Last week I was checking through my RSS feed of blogs and checked to see what the good folk over at T-Central had been up to. If you’ve not been over, the site is worth checking out. They not only keep a long list of trans blogs, but they also do a feature post. Usually, posting a link to a trans blog article that’s a thought provoking read. They also link to those who’ve just been babbling away to themselves (here and here). 😉
Anyhoo, on Saturday, I spotted a link to a post called the Slippery Slope, which was written by Nadine. It’s not the first time I’ve heard those words. Not from the My Husband Betty books, but from my own dear, Ever Lovely Mrs J. In fairness, it was a long time ago and during my…. not sure what to call this. I’ll go with experimentation phase. That time when you’re sort of out, at least to your partner, and you’re finding your feet. Oh, a slow hand clap for anyone who says, try looking down your legs. 🙂 I’d run out of nail varnish remover and came home with red nails. A quick clean up and I was fine, although I did make the bathroom bin whiff of chemicals. Naturally, Mrs J was curious and then felt that it was all escalating. Which, given that I didn’t wear nail varnish when going out before, can’t be denied. That’s not to say her (righteous) missive didn’t sting. Sometimes, the truth hurts.
So, how do those two wee facts interlink? Well, I’m glad you asked. There is, I believe, the phenomenon of the trans shooting star. See how it reaches into the sky leaving a blaze of fabulous sparkles and carefree behaviour. Nothing can touch it…. except the gradual and unrepentant gravity of reality, or the heavy handed slap of guilt. We’ve all been there, or know someone who has. There’s no shame in it. We – trans folk – get a whiff of freedom and we’re gone…. hence the graph (below).
Joe’s our stereotypical transgender person, we’ll go with male by birth, because I don’t what it may be like for our trans-men cousins. Joe starts off in life and slowly, the trans pressure builds up.

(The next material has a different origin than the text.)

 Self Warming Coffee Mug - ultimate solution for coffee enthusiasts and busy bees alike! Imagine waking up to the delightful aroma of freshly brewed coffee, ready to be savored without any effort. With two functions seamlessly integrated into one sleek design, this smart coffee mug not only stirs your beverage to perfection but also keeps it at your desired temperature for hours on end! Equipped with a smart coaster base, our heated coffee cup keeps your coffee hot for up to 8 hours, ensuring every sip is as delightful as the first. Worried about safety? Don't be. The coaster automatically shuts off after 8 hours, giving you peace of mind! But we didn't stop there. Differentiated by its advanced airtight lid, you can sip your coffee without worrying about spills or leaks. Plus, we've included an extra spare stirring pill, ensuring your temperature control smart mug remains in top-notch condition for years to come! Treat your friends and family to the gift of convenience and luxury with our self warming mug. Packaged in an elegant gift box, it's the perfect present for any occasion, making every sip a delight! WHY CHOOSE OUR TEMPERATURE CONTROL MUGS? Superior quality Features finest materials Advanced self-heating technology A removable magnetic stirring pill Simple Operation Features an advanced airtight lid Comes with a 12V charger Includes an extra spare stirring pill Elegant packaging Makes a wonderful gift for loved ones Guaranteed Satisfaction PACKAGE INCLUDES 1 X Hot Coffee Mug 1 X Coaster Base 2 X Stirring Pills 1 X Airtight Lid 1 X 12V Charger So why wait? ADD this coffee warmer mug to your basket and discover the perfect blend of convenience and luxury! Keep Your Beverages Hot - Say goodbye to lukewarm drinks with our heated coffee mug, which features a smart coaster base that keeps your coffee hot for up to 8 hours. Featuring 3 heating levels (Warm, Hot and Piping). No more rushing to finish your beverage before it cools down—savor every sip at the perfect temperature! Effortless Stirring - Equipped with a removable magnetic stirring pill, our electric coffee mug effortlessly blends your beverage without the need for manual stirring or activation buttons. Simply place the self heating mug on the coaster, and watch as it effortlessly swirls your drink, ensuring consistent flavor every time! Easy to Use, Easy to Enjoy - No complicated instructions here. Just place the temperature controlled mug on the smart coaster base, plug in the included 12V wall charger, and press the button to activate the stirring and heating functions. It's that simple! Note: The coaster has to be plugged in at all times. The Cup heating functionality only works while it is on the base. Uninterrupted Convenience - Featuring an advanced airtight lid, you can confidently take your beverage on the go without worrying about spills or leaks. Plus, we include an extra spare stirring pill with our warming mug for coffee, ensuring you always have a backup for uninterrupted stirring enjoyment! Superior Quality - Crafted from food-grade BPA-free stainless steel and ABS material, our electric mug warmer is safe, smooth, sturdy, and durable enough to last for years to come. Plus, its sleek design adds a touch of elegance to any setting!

He either can’t take it any more, or he’s careless; it doesn’t matter, He’s coming out and down the mood drain he goes. Joe may question who he is, and maybe his partner is questioning Joe on who he is too. Maybe positively, or maybe not: every journey is different.

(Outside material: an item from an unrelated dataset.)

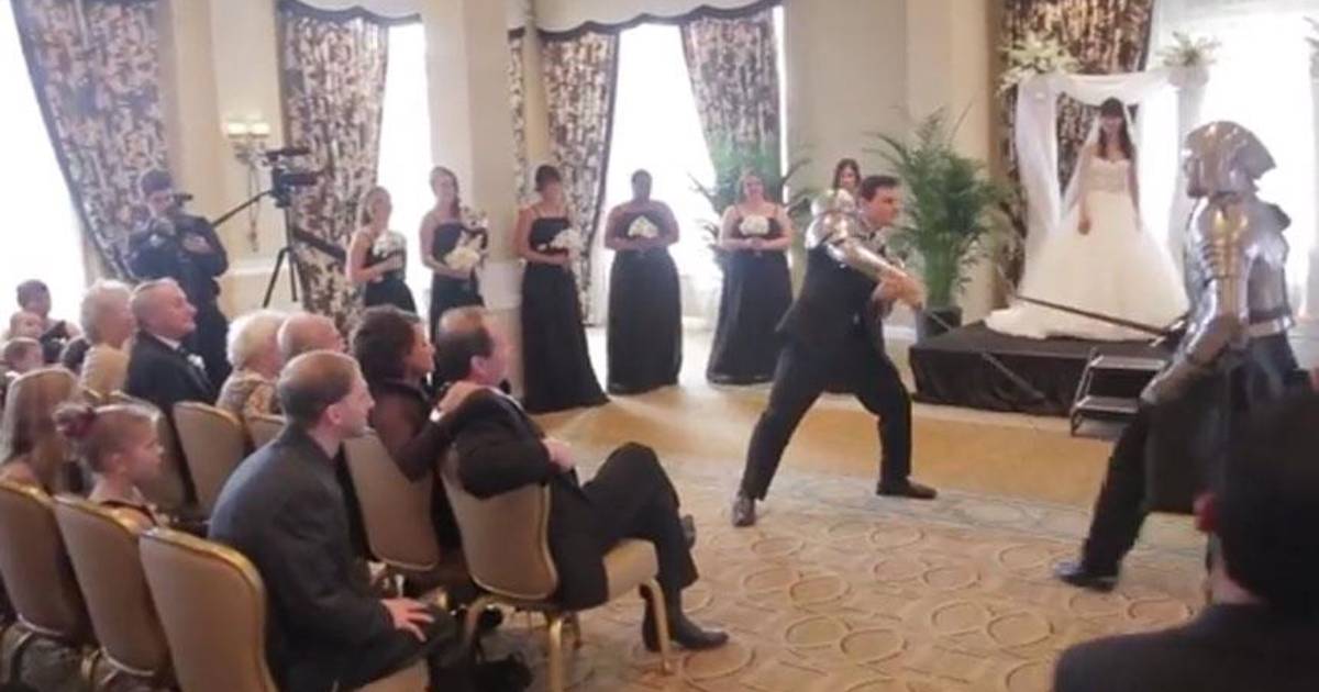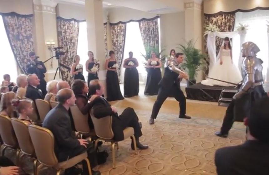 Cuando el sacerdote dijo las tradicionales palabras antes de declarar a una pareja como marido y mujer, comenzó una batalla entre varios guerreros.

Slowly Joe starts to get his head around things. He begins to be more open, maybe drop his guard. Those who’ve been through this, maybe begin to hear the gentle calls from Mission Control: We are go for launch. Joe’s launch into the trans world is underway. Off he soars to the nearest shopping area, or Internet site. Plain paper packages arrive in the post. Credit cards start to get a little warm and he’s pushing at boundaries neither partner knew they had. Off he goes, sky high looking fabulous and without a care in the world. All is fine in the high T-Orbit. Nothing can touch him…..

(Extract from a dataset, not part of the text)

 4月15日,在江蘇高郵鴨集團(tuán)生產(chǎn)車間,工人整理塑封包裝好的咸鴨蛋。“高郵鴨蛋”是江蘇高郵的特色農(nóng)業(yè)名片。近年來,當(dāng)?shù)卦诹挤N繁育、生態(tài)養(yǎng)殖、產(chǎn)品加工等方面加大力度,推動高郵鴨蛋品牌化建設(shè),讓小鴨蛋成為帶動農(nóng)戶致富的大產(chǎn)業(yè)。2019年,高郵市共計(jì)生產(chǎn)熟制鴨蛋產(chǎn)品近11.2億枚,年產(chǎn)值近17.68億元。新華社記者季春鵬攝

Except, the real world. Joe cannot live in a bubble. He has to come down for air and that high orbit high over the world, sure, there are other passing stars, but he’s left some people behind. He begins to lose height and that re-entry burns him. He’s gone so high, so far and yet…. he’s still him. He’s still Joe with this new world and his old one to balance.
Will Joe hit the icy waters on his own, or will his crash be lessened by his friends & family? Who can say. That’s up to Joe. Maybe he’ll share with his partner and find he doesn’t need to be fully off planet, to have escape. Maybe he’s happy with a few times a year, once a month, or just a weekend. It’s not our call, it’s Joe’s.
Over time, Joe will learn some home truths. Maybe he won’t like some of them, maybe he’ll give up for a bit and lay low. That interstellar flight wiped him out. Slowly, but surely, he’ll feel T-Call and he’ll start again. Not at the blistering white-knuckle speed of last time, but a gentle pace. He’s tasted freedom and he’s felt pain. Maybe Joe’s learned enough to balance both. Maybe he’s learned acceptance and maybe he’s lucky enough to have a partner who loves him – all aspects of him. Let’s hope he has. No more boom and bust, or worse: doom and dust.
Let’s hope that Joe can look back. Realise that what’s happened has happened and where possible, learn a little. Learn to be okay with who he is and who he sometimes likes to be.